Okay, so where's the "boundless energy" I'm supposed to be feeling after three months of clean eating? I'm more fatigued than ever before, to the point I've had to take extra rest days from the gym. Seven hours of sleep each night, and I am worn out. I took a three hour nap after work today instead of going to the gym and I'm about to go to sleep again.
It leaves me with a lot of questions.
Is this just the second stage of what happened to me twenty years ago when diabetes hit me as a strong and lean young woman? I felt my energy drain away when it happened.
Surely this isn't part of female aging. Constant exhaustion despite good exercise and healthy eating is NOT part of a gradual change of hormone balance.
Am I really going to have to eat more? I feel stuffed as it is. It seems like I'm always eating and I still come in under 1500 calories a day.
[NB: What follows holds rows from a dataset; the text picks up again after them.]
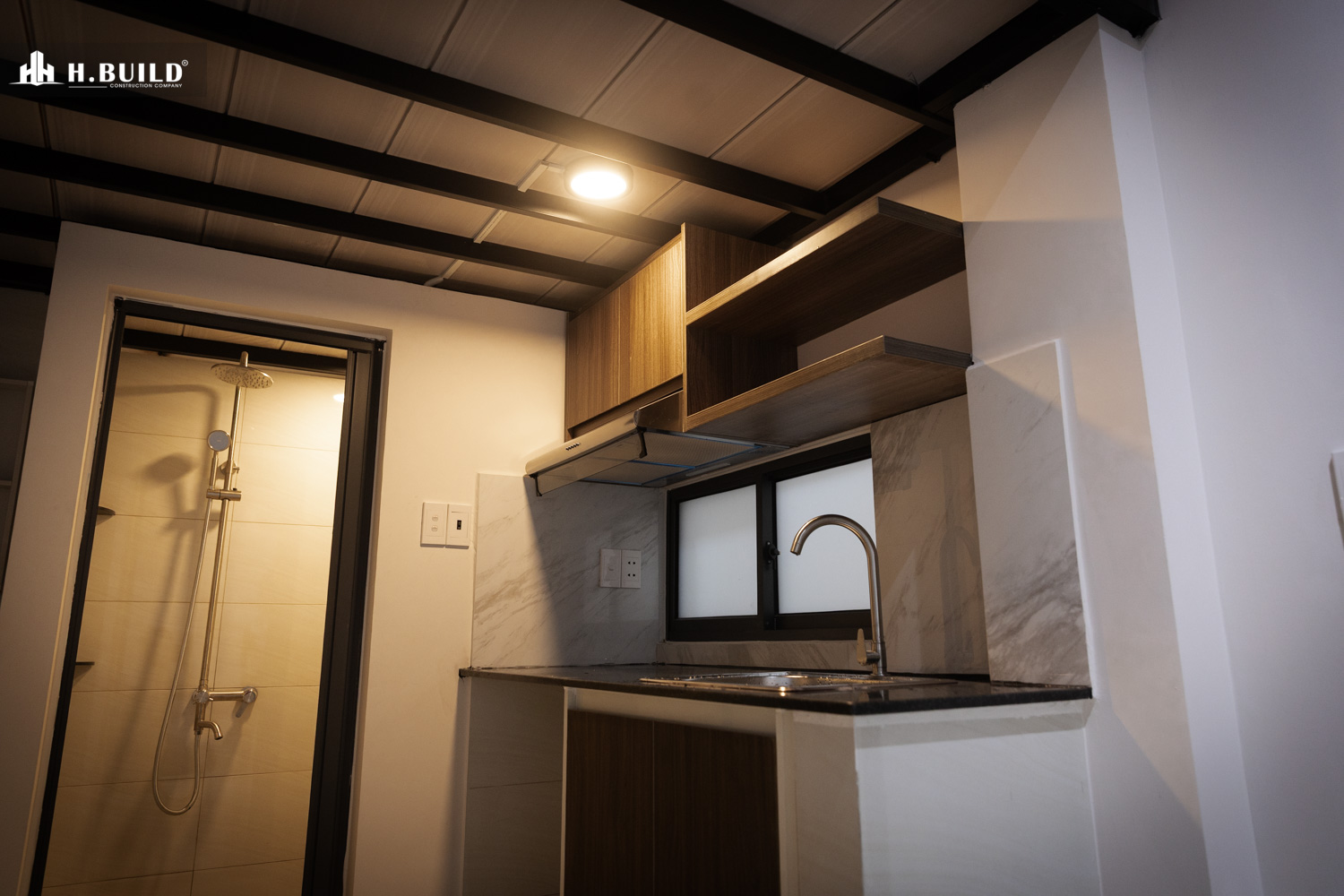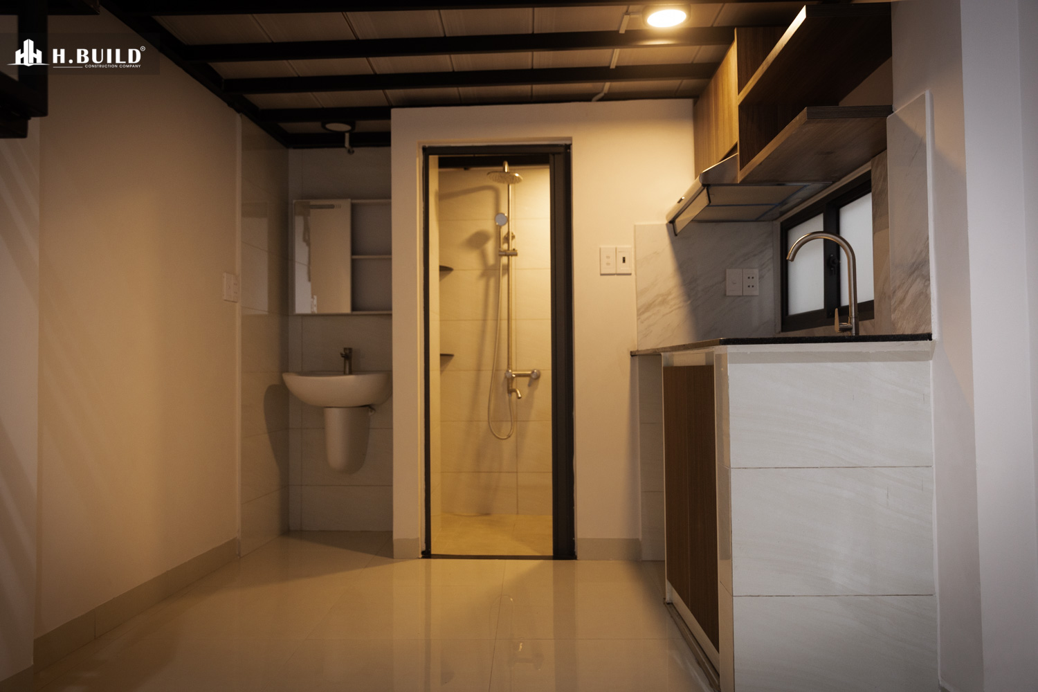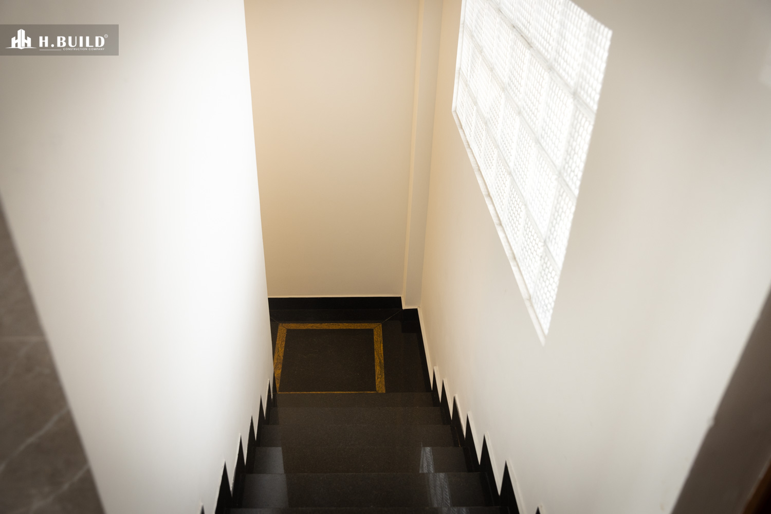 Tầng trệt được ốp đá Marble toàn diện – một giải pháp đắt giá giúp công trình luôn sạch sẽ, bề thế và khắc phục nhược điểm dễ bám bẩn của nhà hẻm.
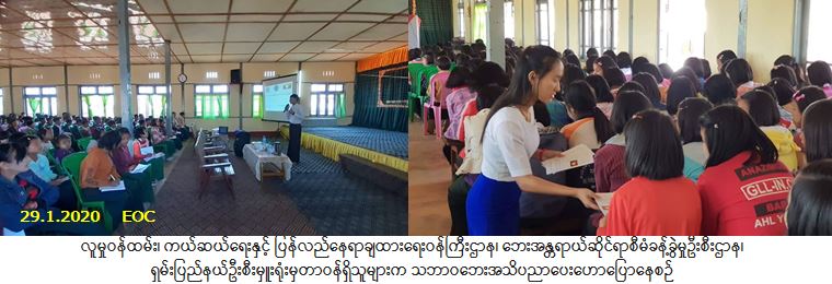 လူမှုဝန်ထမ်း၊ ကယ်ဆယ်ရေးနှင့် ပြန်လည်နေရာချထားရေးဝန်ကြီးဌာန၊ ဘေးအန္တရာယ်ဆိုင်ရာစီမံခန့်ခွဲမှုဦးစီး ဌာန၊ ရှမ်းပြည်နယ်ဦးစီးမှူးရုံးမှတာဝန်ရှိသူများသည် (၂၉-၁-၂၀၂၀) ရက်နေ့၊ (၁၃:၀၀) နာရီအချိန်မှ (၁၄:၃၀) နာရီ အချိန်ထိ ပင်းတယမြို့နယ်၊ အ.ထ.က(ကျုံး) ၌ ကျောင်းသား/သူ (၃၀၀)ဦးကို သဘာဝဘေးအသိပညာပေး ဟောပြောခဲ့ပြီး လက်ကမ်းစာစောင်များဖြန့်ဝေခြင်းနှင့် သရုပ်ပြခြင်းတို့ဆောင်ရွက်ခဲ့ပါကြောင်း သတင်းရရှိ ပါသည်။
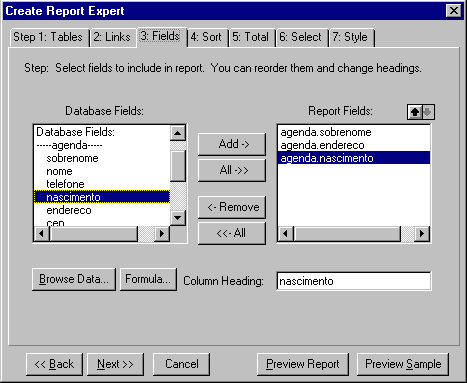 Vamos selecionar os campos da tabela que serão impressos no relatório - selecione cada campo e clique no botão Add. Ao final devemos ter algo parecido com a figura 2.0 abaixo:A esta altura o relatório esta praticamente terminado , para visualizá-lo clique no botão Preview Report. É mostrada a tela da figura 3.0 onde após clicarmos na aba Design podemos notar cinco seções:
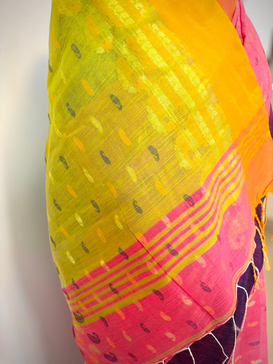 • Unique variations in motif placement, weave density, and texture are the hallmark of authentic handwoven Jamdani and make each saree irreplaceable.
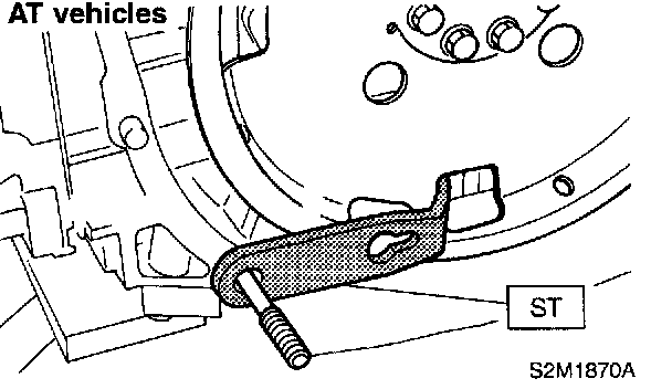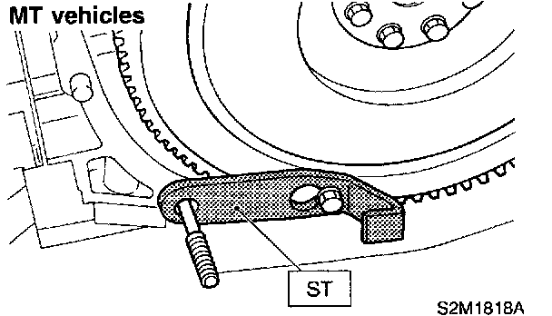 11. Remove flywheel (MT vehicles only) or drive plate (AT vehicles only).

It isn't like I'm losing weight.
There is a voice whispering that something's wrong under the surface that's unrelated to anything else. Well, it took nine years of pestering for my doctor to listen to me and give me a glucose tolerance test, which I failed.
(Not the only doctor I asked to test me when hypoglycemia started happening. I suppose a more dramatic event would have impressed them, like going into a diabetic coma behind the wheel of my car?)
See? I was right all along. Though I rarely run to a doctor for help, I do pay attention to how I'm feeling.
I don't waste time in a doctor's office for a sniffly nose four times a year when my allergies stir up. But if it settles into my lungs, I will go. I just believe my body should try to work out its own problems with proper nutrition and exercise, if at all possible. What doesn't kill you makes you stronger, eh? :)
Still, what would I tell a doctor if I went? I'm tired all the time and I shouldn't be? I wouldn't know what to say, other than my joints all hurt, and that might be because of my shoes. (I've modified my new shoes, by the way. More on that later.)